Millions of Americans are living with heart failure, and new evidence shows this epidemic is especially dire for Black communities. Fresh data from the Heart Failure Society of America reveal that 6.7 million U.S. adults are grappling with this life-threatening illness, a number projected to soar to 11.4 million by 2050. The odds of developing heart failure are starkly uneven; Black adults face substantially higher risk than any other racial or ethnic group.

Risk factors—including obesity, diabetes, hypertension, and chronic kidney disease—are driving heart failure prevalence upward, with many patients managing multiple conditions at once. These preexisting health burdens disproportionately affect minority communities, compounding the elevated risk of heart failure and worsening outcomes.
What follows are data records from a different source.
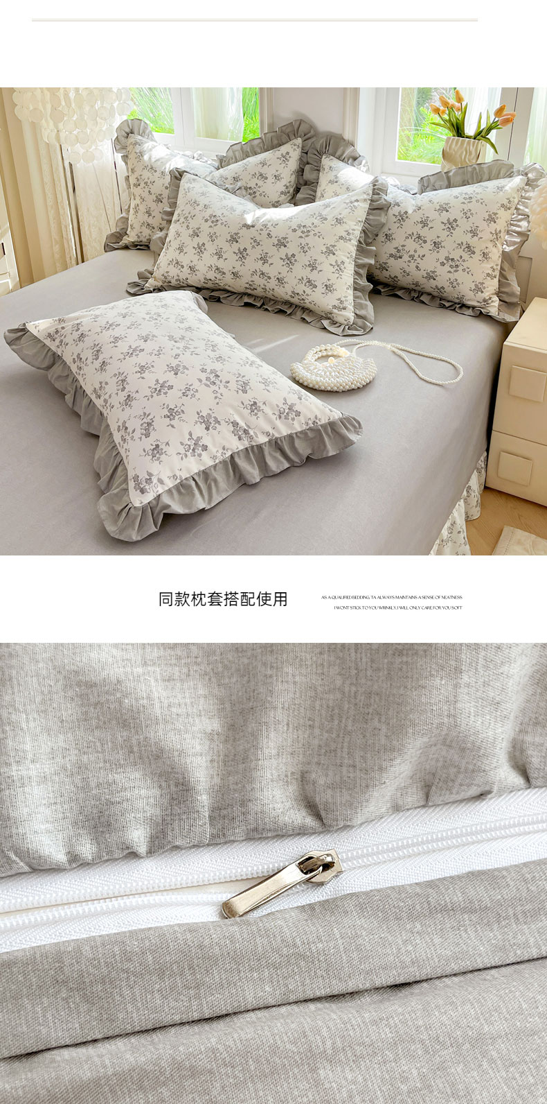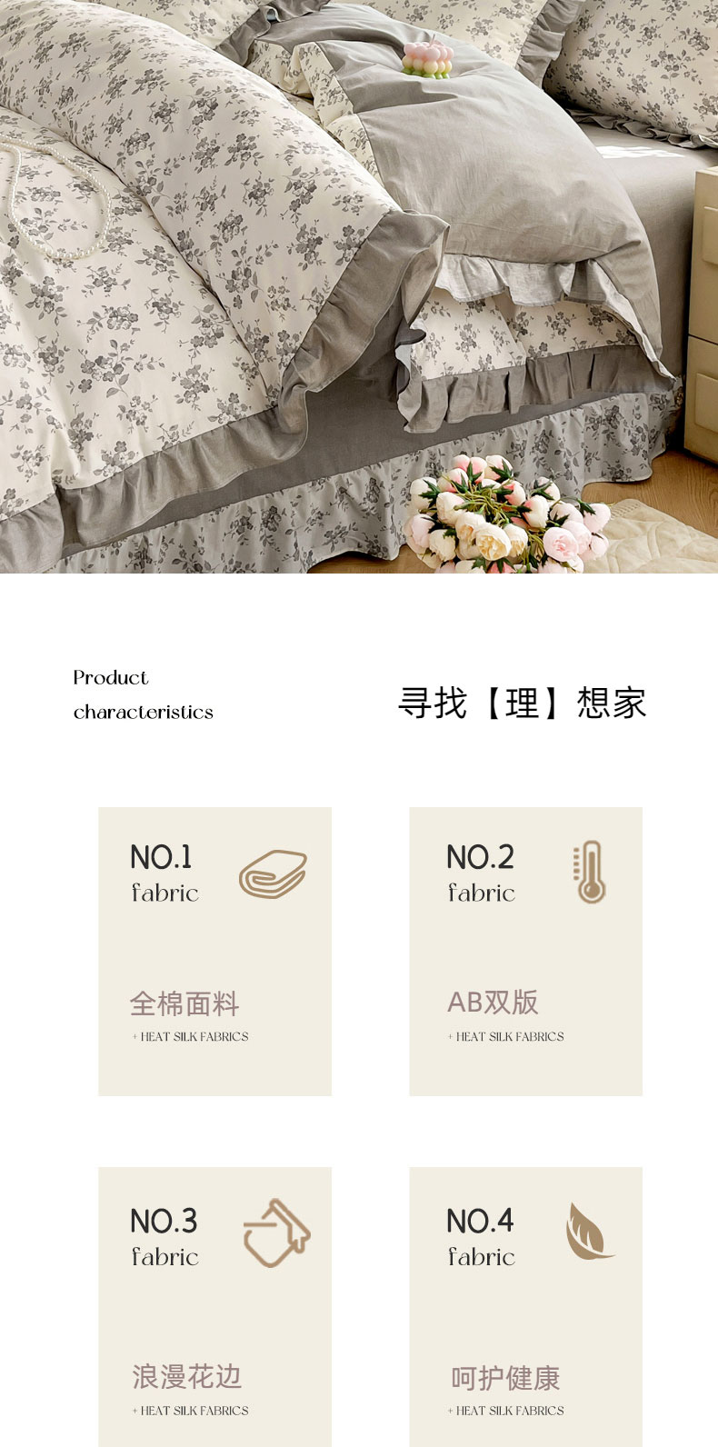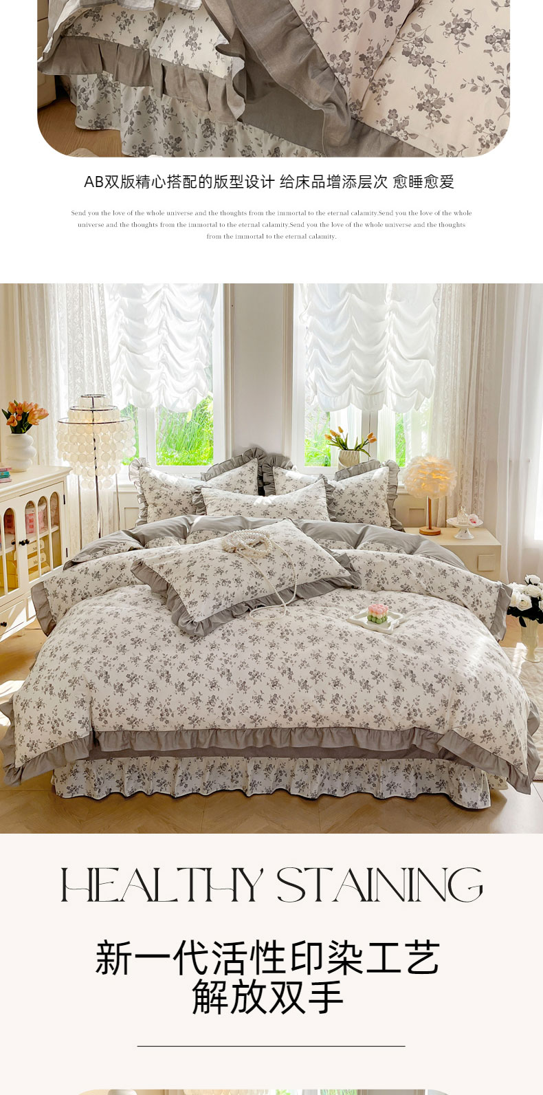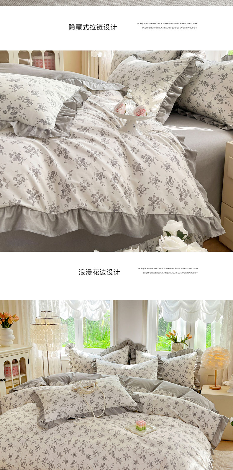 当前位置: 91家纺网 > 商品网购 > 床品套件 > 四件套 > 全棉普通四件套 > 兴美佳家纺 2026新款全棉印花韩版花边床裙款四件套 花开半夏-灰
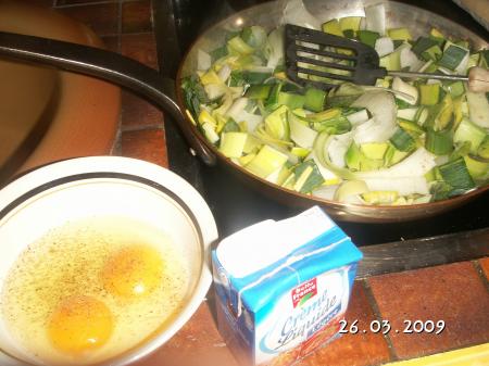 ajouter 3 belles courgettes coupées en dés 1 bouquet de persil sel poivre une fois cuit ajouter 3 grosses biscottes concassées( la courgette rend de l'eau) et 3 oeufs ...mettre dans 1 moule à cake et direction le four à 200° 3/4 d'heure
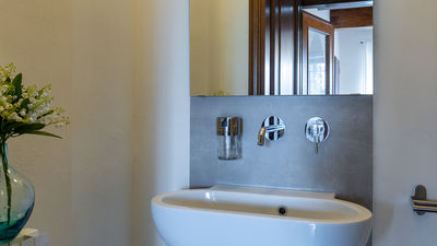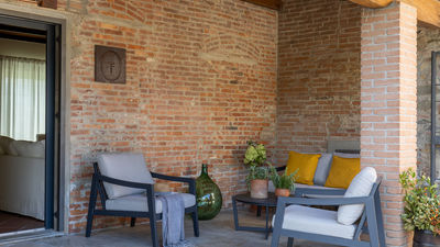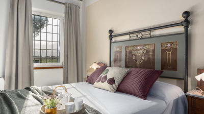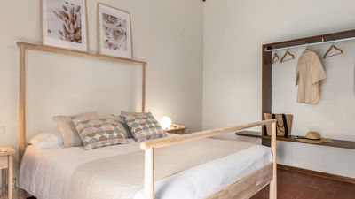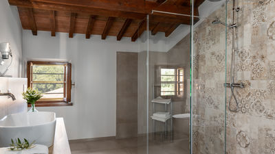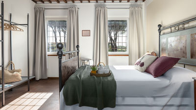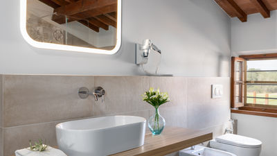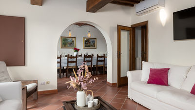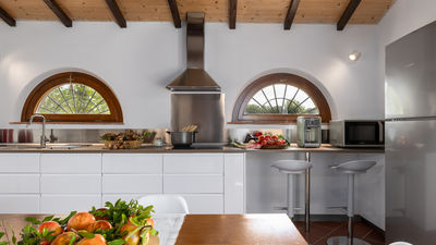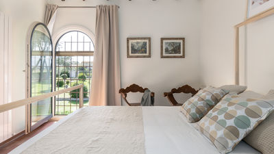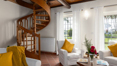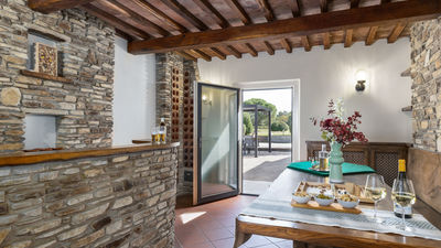 Interni:Il casale si sviluppa su due piani. PIANO TERRA - Ingresso principale situato sotto il portico che conduce a una zona giorno con divani, ampia cucina, sala tv e zona pranzo che si collegano a uno spazio multifunzionale e un bagno per gli ospiti. Adiacente al portico esterno si trova un bagno per gli ospiti con lavatrice. PRIMO PIANO - Due camere matrimoniali, una camera doppia e due bagni con doccia. Sempre al primo piano con accesso tramite una scala a chiocciola in legno, si trova la suite con camera matrimoniale e bagno en-suite con doccia. Aria condizionata nelle camere e zona living.

Gregg C. Fonarow, MD, chair of the HFSA writing group, underscored the urgency, noting the “surge in mortality and continued underutilization of evidence-based therapies,” which leaves many vulnerable patients without critical care.

Experts stress the need to not only improve prevention, diagnosis, and treatment, but also to better understand the systemic and structural barriers fueling these disparities. Racial gaps in care and outcome remain a “consistent” reality, the report warns, calling for clinicians to collaborate across specialties and address the underlying factors that affect minority populations most.

See: “America’s heart failure epidemic is getting worse” (September 22, 2025)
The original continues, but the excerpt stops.